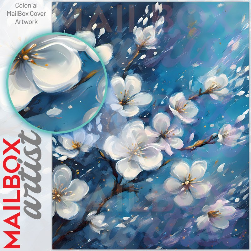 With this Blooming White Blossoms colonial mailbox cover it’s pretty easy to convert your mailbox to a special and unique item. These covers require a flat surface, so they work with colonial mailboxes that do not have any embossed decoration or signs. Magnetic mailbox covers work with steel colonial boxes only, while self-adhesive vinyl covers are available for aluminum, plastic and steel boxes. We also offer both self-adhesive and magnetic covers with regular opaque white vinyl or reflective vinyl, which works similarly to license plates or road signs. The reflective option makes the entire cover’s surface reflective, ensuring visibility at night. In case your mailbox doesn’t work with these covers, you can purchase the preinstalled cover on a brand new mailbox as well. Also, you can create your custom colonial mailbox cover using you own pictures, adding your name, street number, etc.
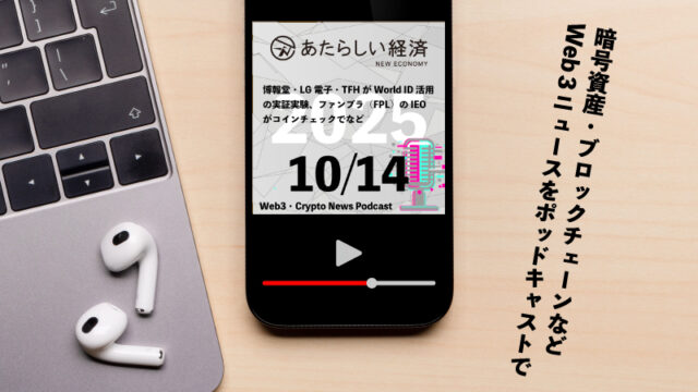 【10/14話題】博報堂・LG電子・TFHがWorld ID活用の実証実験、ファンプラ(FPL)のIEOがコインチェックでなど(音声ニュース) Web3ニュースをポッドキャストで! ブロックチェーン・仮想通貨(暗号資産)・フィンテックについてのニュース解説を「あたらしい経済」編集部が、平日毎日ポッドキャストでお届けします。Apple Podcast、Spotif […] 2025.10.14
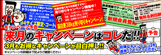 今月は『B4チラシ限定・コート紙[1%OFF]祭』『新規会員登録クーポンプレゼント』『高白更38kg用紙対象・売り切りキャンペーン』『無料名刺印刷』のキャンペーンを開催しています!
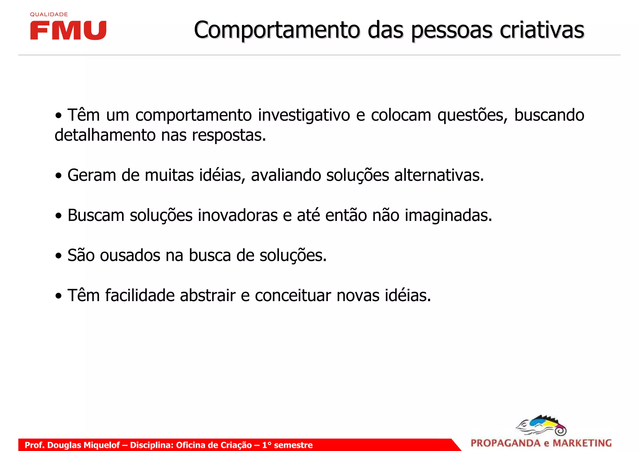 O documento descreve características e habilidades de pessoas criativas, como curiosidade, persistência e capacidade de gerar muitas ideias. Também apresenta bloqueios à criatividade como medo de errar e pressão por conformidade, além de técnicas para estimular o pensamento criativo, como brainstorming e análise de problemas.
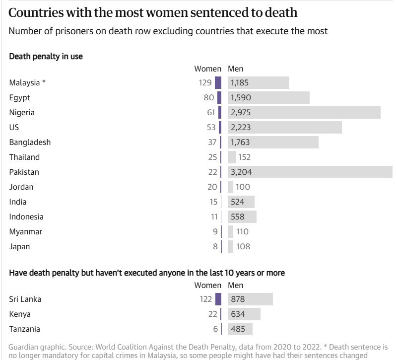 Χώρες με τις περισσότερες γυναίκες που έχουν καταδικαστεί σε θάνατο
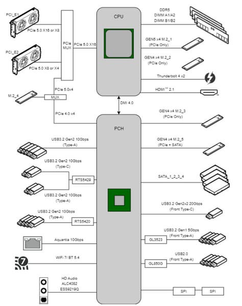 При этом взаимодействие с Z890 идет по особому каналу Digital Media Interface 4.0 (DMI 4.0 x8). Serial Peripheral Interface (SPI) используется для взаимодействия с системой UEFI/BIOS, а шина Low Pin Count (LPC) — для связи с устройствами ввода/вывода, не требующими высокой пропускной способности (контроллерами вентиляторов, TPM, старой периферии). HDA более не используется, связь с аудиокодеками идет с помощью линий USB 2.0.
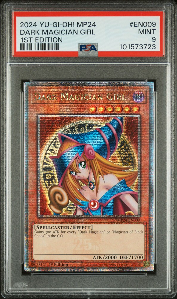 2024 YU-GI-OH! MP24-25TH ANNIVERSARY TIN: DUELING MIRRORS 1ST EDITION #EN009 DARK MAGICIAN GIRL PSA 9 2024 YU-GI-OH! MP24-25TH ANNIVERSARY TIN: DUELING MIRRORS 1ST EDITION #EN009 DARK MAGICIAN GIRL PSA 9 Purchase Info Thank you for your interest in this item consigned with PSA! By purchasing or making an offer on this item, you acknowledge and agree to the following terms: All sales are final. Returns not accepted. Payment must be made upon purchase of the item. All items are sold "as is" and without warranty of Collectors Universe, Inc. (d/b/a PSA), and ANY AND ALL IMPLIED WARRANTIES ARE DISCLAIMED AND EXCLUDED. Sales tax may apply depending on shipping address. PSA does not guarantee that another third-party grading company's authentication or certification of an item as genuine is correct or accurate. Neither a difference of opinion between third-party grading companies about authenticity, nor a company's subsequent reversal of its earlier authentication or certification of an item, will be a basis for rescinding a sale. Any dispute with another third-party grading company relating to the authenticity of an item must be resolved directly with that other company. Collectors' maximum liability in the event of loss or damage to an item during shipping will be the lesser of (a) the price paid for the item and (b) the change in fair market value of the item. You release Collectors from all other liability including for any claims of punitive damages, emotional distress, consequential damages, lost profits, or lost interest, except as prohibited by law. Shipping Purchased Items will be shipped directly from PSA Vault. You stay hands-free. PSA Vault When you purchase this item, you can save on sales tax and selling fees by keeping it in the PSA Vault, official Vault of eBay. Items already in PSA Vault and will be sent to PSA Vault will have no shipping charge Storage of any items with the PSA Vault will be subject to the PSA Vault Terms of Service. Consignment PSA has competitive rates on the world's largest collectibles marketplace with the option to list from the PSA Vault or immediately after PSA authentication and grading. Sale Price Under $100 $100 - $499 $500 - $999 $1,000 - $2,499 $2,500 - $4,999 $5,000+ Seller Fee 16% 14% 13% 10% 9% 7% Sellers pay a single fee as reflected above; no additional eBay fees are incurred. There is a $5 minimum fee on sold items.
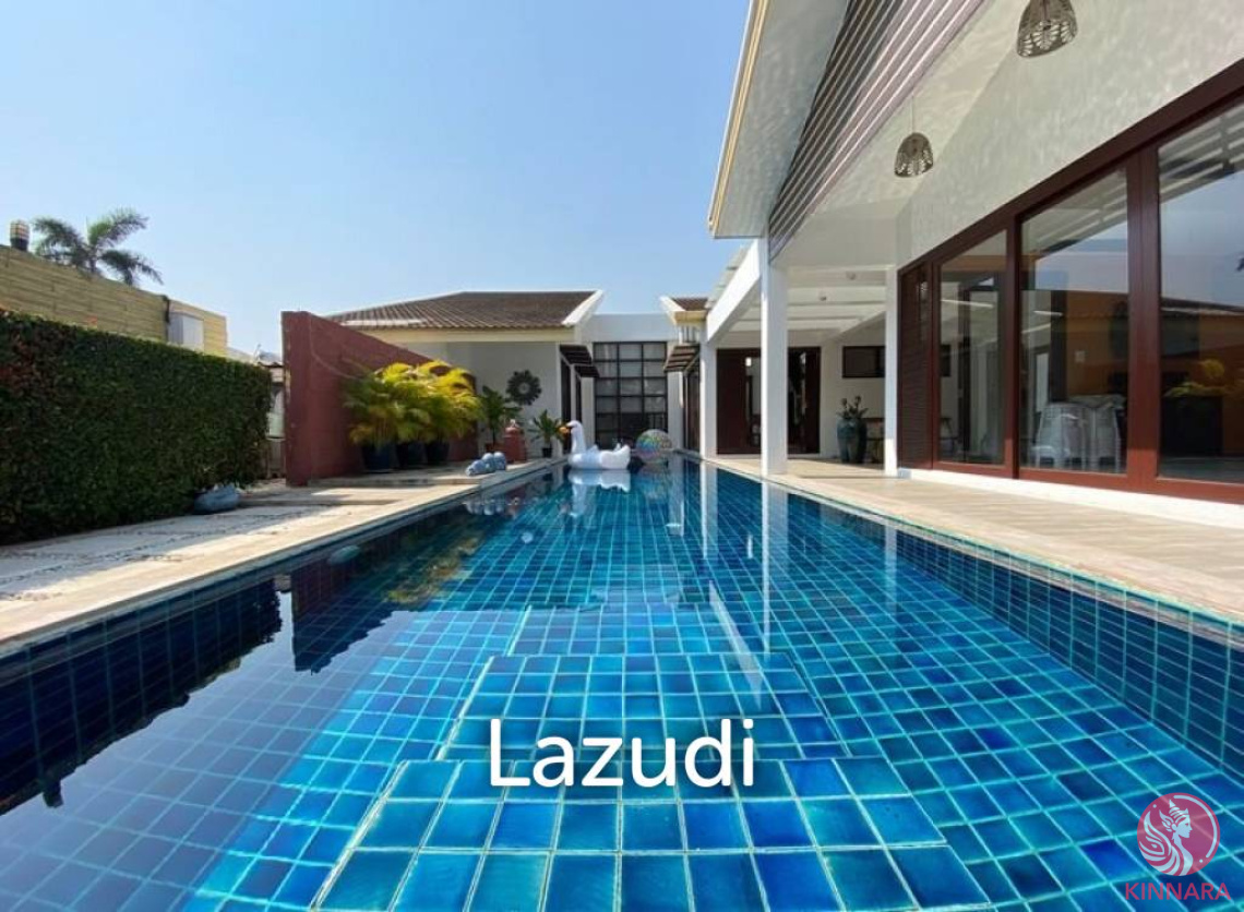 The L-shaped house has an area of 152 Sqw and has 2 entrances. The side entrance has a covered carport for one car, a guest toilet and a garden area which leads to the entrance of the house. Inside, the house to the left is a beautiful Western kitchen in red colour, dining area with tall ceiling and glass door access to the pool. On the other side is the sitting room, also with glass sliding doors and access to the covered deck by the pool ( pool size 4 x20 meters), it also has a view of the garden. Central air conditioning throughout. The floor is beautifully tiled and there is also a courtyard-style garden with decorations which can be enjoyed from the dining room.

◇ ◇ ◇ ◇

→ Problem to solve
Each record above must be retyped exactly. Omit the pictures.

→ Task result
 With this Blooming White Blossoms colonial mailbox cover it’s pretty easy to convert your mailbox to a special and unique item. These covers require a flat surface, so they work with colonial mailboxes that do not have any embossed decoration or signs. Magnetic mailbox covers work with steel colonial boxes only, while self-adhesive vinyl covers are available for aluminum, plastic and steel boxes. We also offer both self-adhesive and magnetic covers with regular opaque white vinyl or reflective vinyl, which works similarly to license plates or road signs. The reflective option makes the entire cover’s surface reflective, ensuring visibility at night. In case your mailbox doesn’t work with these covers, you can purchase the preinstalled cover on a brand new mailbox as well. Also, you can create your custom colonial mailbox cover using you own pictures, adding your name, street number, etc.
 【10/14話題】博報堂・LG電子・TFHがWorld ID活用の実証実験、ファンプラ(FPL)のIEOがコインチェックでなど(音声ニュース) Web3ニュースをポッドキャストで! ブロックチェーン・仮想通貨(暗号資産)・フィンテックについてのニュース解説を「あたらしい経済」編集部が、平日毎日ポッドキャストでお届けします。Apple Podcast、Spotif […] 2025.10.14
 今月は『B4チラシ限定・コート紙[1%OFF]祭』『新規会員登録クーポンプレゼント』『高白更38kg用紙対象・売り切りキャンペーン』『無料名刺印刷』のキャンペーンを開催しています!
 O documento descreve características e habilidades de pessoas criativas, como curiosidade, persistência e capacidade de gerar muitas ideias. Também apresenta bloqueios à criatividade como medo de errar e pressão por conformidade, além de técnicas para estimular o pensamento criativo, como brainstorming e análise de problemas.
 Χώρες με τις περισσότερες γυναίκες που έχουν καταδικαστεί σε θάνατο
 При этом взаимодействие с Z890 идет по особому каналу Digital Media Interface 4.0 (DMI 4.0 x8). Serial Peripheral Interface (SPI) используется для взаимодействия с системой UEFI/BIOS, а шина Low Pin Count (LPC) — для связи с устройствами ввода/вывода, не требующими высокой пропускной способности (контроллерами вентиляторов, TPM, старой периферии). HDA более не используется, связь с аудиокодеками идет с помощью линий USB 2.0.
 2024 YU-GI-OH! MP24-25TH ANNIVERSARY TIN: DUELING MIRRORS 1ST EDITION #EN009 DARK MAGICIAN GIRL PSA 9 2024 YU-GI-OH! MP24-25TH ANNIVERSARY TIN: DUELING MIRRORS 1ST EDITION #EN009 DARK MAGICIAN GIRL PSA 9 Purchase Info Thank you for your interest in this item consigned with PSA! By purchasing or making an offer on this item, you acknowledge and agree to the following terms: All sales are final. Returns not accepted. Payment must be made upon purchase of the item. All items are sold "as is" and without warranty of Collectors Universe, Inc. (d/b/a PSA), and ANY AND ALL IMPLIED WARRANTIES ARE DISCLAIMED AND EXCLUDED. Sales tax may apply depending on shipping address. PSA does not guarantee that another third-party grading company's authentication or certification of an item as genuine is correct or accurate. Neither a difference of opinion between third-party grading companies about authenticity, nor a company's subsequent reversal of its earlier authentication or certification of an item, will be a basis for rescinding a sale. Any dispute with another third-party grading company relating to the authenticity of an item must be resolved directly with that other company. Collectors' maximum liability in the event of loss or damage to an item during shipping will be the lesser of (a) the price paid for the item and (b) the change in fair market value of the item. You release Collectors from all other liability including for any claims of punitive damages, emotional distress, consequential damages, lost profits, or lost interest, except as prohibited by law. Shipping Purchased Items will be shipped directly from PSA Vault. You stay hands-free. PSA Vault When you purchase this item, you can save on sales tax and selling fees by keeping it in the PSA Vault, official Vault of eBay. Items already in PSA Vault and will be sent to PSA Vault will have no shipping charge Storage of any items with the PSA Vault will be subject to the PSA Vault Terms of Service. Consignment PSA has competitive rates on the world's largest collectibles marketplace with the option to list from the PSA Vault or immediately after PSA authentication and grading. Sale Price Under $100 $100 - $499 $500 - $999 $1,000 - $2,499 $2,500 - $4,999 $5,000+ Seller Fee 16% 14% 13% 10% 9% 7% Sellers pay a single fee as reflected above; no additional eBay fees are incurred. There is a $5 minimum fee on sold items.
 The L-shaped house has an area of 152 Sqw and has 2 entrances. The side entrance has a covered carport for one car, a guest toilet and a garden area which leads to the entrance of the house. Inside, the house to the left is a beautiful Western kitchen in red colour, dining area with tall ceiling and glass door access to the pool. On the other side is the sitting room, also with glass sliding doors and access to the covered deck by the pool ( pool size 4 x20 meters), it also has a view of the garden. Central air conditioning throughout. The floor is beautifully tiled and there is also a courtyard-style garden with decorations which can be enjoyed from the dining room.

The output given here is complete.